I originally thought that what I call the ‘flicker of existence’ would remain forever beyond the reach of our instrumentation and said as much in the original draft of this post. However, after thinking about the amazing advances made already, I added, perhaps prophetically, “There should be some ‘extended’ event chains whose flicker can be recognized by the instruments we now have, or will shortly develop.”  Maybe Hogan’s is one of them.
However, I do not ‘buy’ the current trend of envisaging the universe as a super computer  — for Hogan my ‘flicker of exietence’ is  ‘digital noise’. The analogy universe/computer strikes me as being too obviously rooted in what is becoming the dominant human activity — computing. I wouold have thought the ‘universe’  had better things to do than just process information. Like what for example ?  Like bringing something new into existence from out of itself, actualizing what is potential. In a nutshell : the ‘universe’ (not a term I would choose) is creative not computational. But I suppose one cannot expect trained scientists to see things in this light.    S.H. (7/2/12)

(2) Heidegger put it more poetically, “Being is shot through with nothingness”.

(3)   This happens because a rapid event cluster ‘misses out’ more event locations on its path, so the chance of the two clusters ‘colliding’, i.e. ‘competing’ for the same spots on the Locality, is drastically reduced.

(4) This is so because not all ultimate events are brought into existence by previously existing ones : some ultimate  events originate not in K1 (roughly what is known as the physical universe) but in K01 , the source of all events.

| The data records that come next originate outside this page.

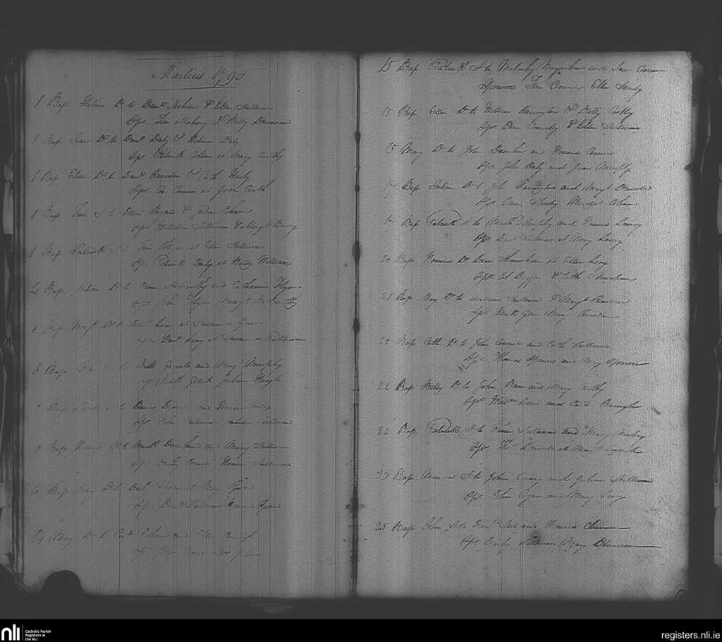 Bantry; County of Cork; Diocese of Cork and Ross. Baptisms, Mar. 1795
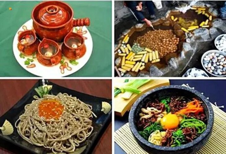 长白山美食兼有着典型的东北风昧和朝鲜风昧,以炖菜和凉拌菜为主的 东北菜,加上以辣白菜和狗肉汤为特色的朝鲜菜,不仅色泽上红艳鲜亮勾起 人的食欲,而且药腾结合的配菜方式使美食更加营养与绿色。
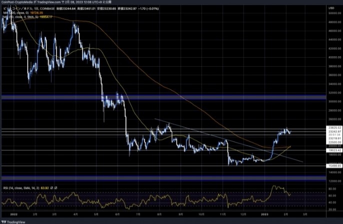 暗号資産(仮想通貨)市場では、ビットコインは前日比1.63%高の23,240ドルに。
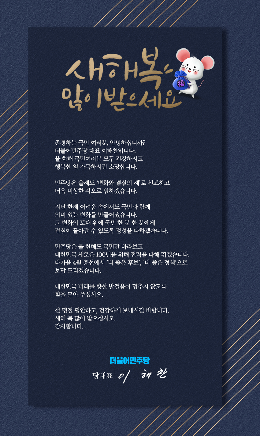 존경하는 더불어민주당 권리당원 동지 여러분! 대표 이해찬입니다.
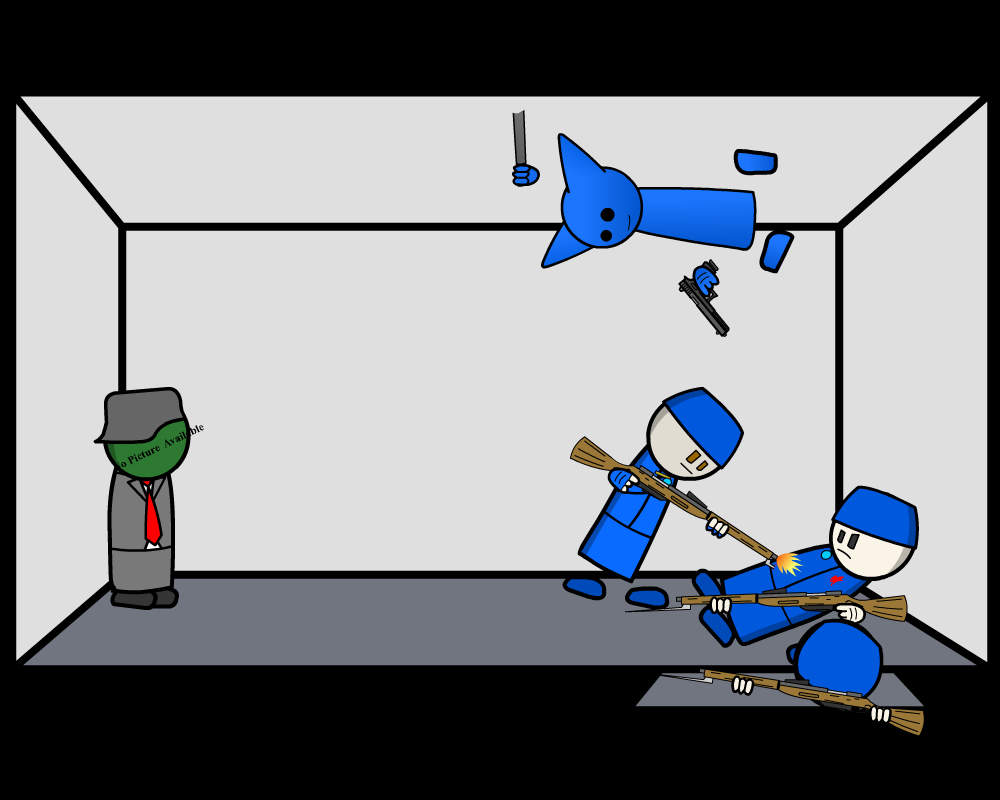 Part of the ceiling suddenly shimmers and a BlueFigure shoots the other Soldier (10) in the head for 14 Damage dropping him.
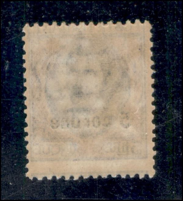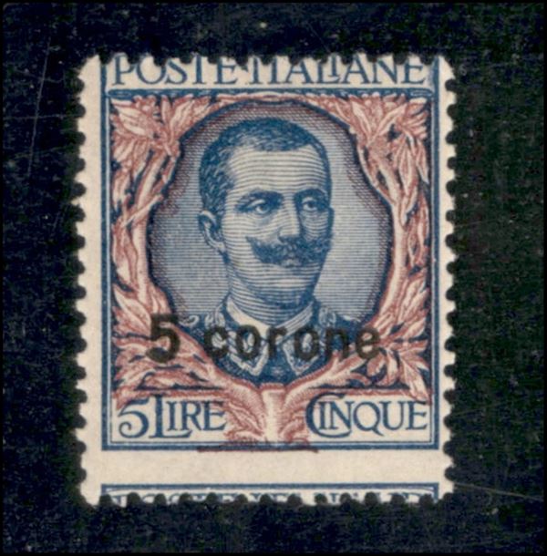 1922 - 5 corone su 5 lire Floreale (7ef) - dentellatura spostata in basso - gomma integra
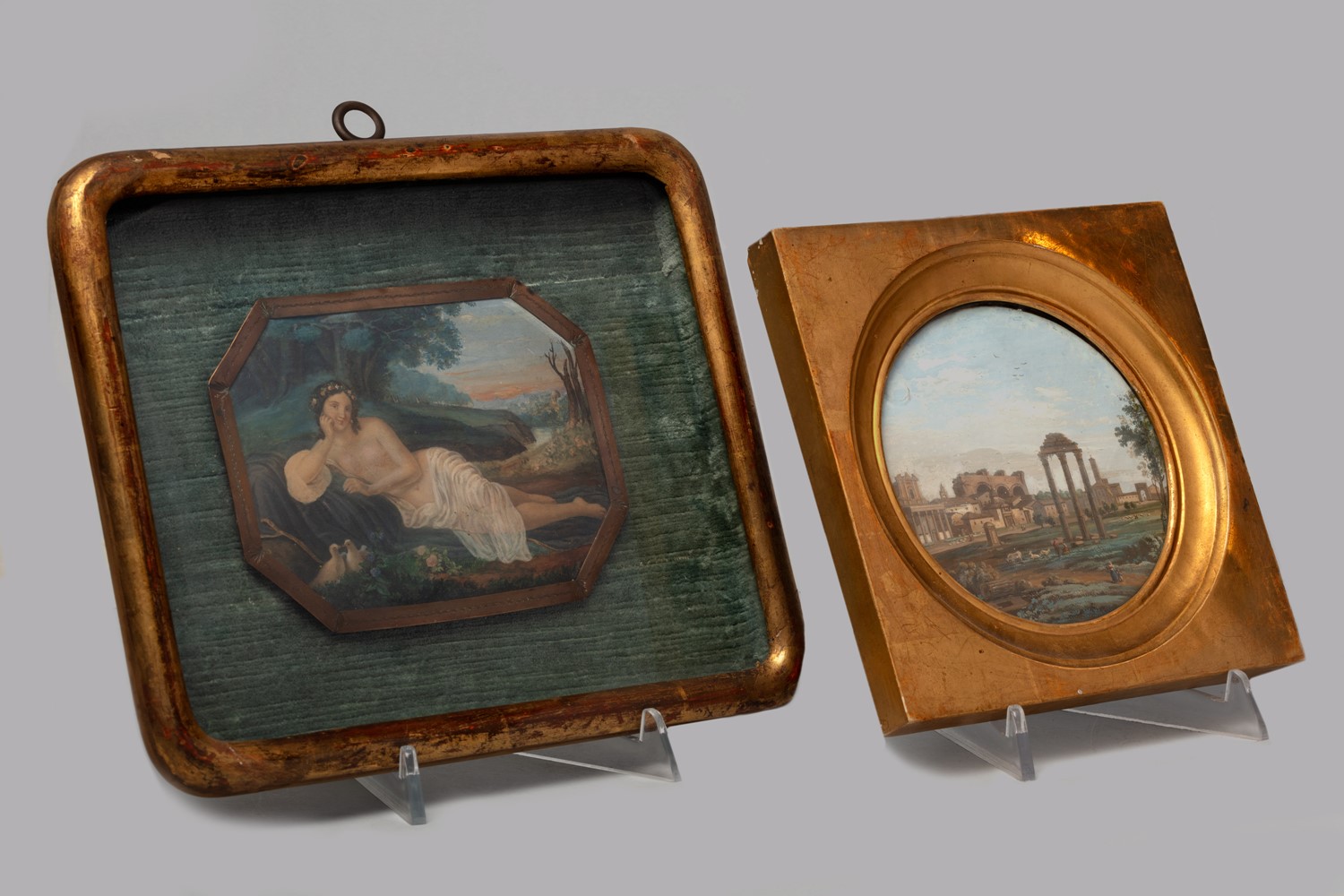 una raffigurante Campo Vaccino a Roma (in tondo) e una raffigurante nudo femminile disteso in un paesaggio (in ottagono)una raffigurante Campo Vaccino a Roma (in tondo) e una raffigurante nudo femminile disteso in un paesaggio (in ottagono)
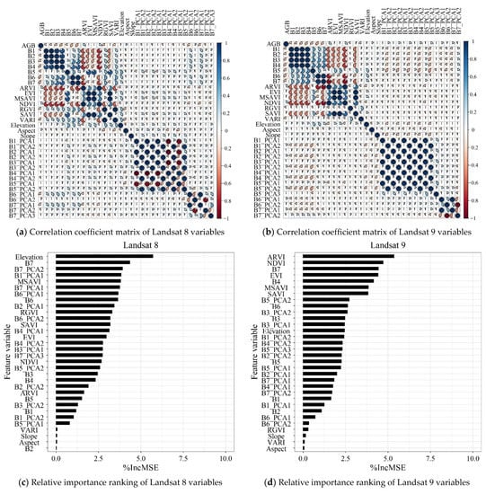 Correlation coefficient matrix of (a) Landsat 8 variables and (b) Landsat 9 variables; the relative importance ranking of (c) Landsat 8 variables and (d) Landsat 9 variables.
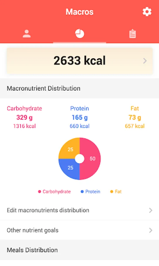 -Edit your caloric requirement and macronutrients, both in percentages and grams.
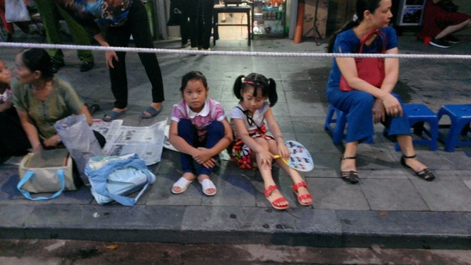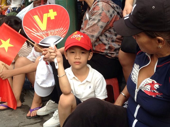 Gương mặt các em nhỏ rạng rỡ xen lẫn hồi hộp (Ảnh: Sơn Bách-Việt Phương)5h sáng, trên dọc các trục đường mà đoàn diễu hành sẽ đi qua, hàng nghìn người đa tập trung sẵn trên các vỉa hè. Nhiều người thậm chí đã ngủ qua đêm tại đây, hoặc thức luôn tới sáng để chờ đến giây phút đoàn diễu binh, diễu hành đi qua.
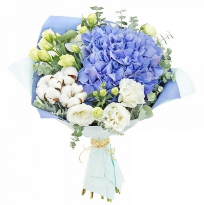 Волшебное сочетание гортензии, хлопка и эустомы с добавлением эвкалипта.
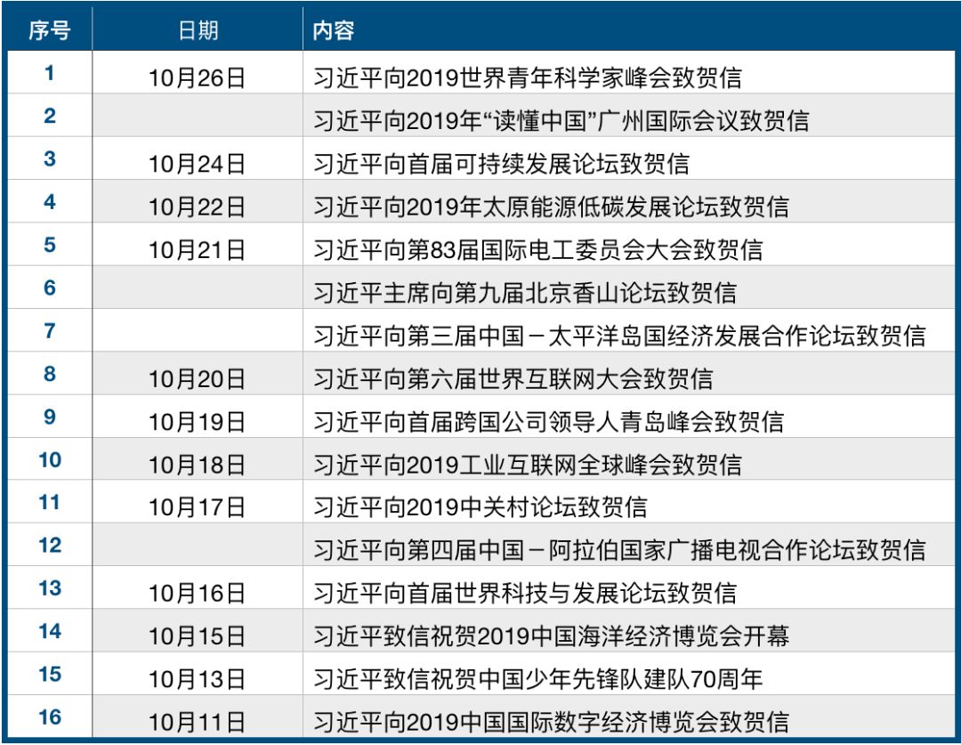 十月以来,在国内和国际舞台上,多场重要的会议、论坛、活动先后召开和举行,向世界传递着前沿、主流的声音。对于这些活动,习近平主席也给予了高度关注,根据《新闻联播》刊播的消息统计,从10月11日到26日16天的时间里,习近平共发出了16封贺信,最多的一天连发3封贺信。

If these ‘uncaused events’ persist, i.e. acquire self-dominance, or come to dominate existing event clusters, something completely new will have come into existence —  though whether it persists depends on how well it can co-exist with already well-established event-clusters. In brief, there is an irreducible random element built into the universe. (This is quite apart from Quantum Indeterminacy which in any case would disappear if a coherent ‘hidden variables’ theory replaces the orthodox one.)

I will discuss in a subsequent post whether modern experiment and observation gives any support to these predictions.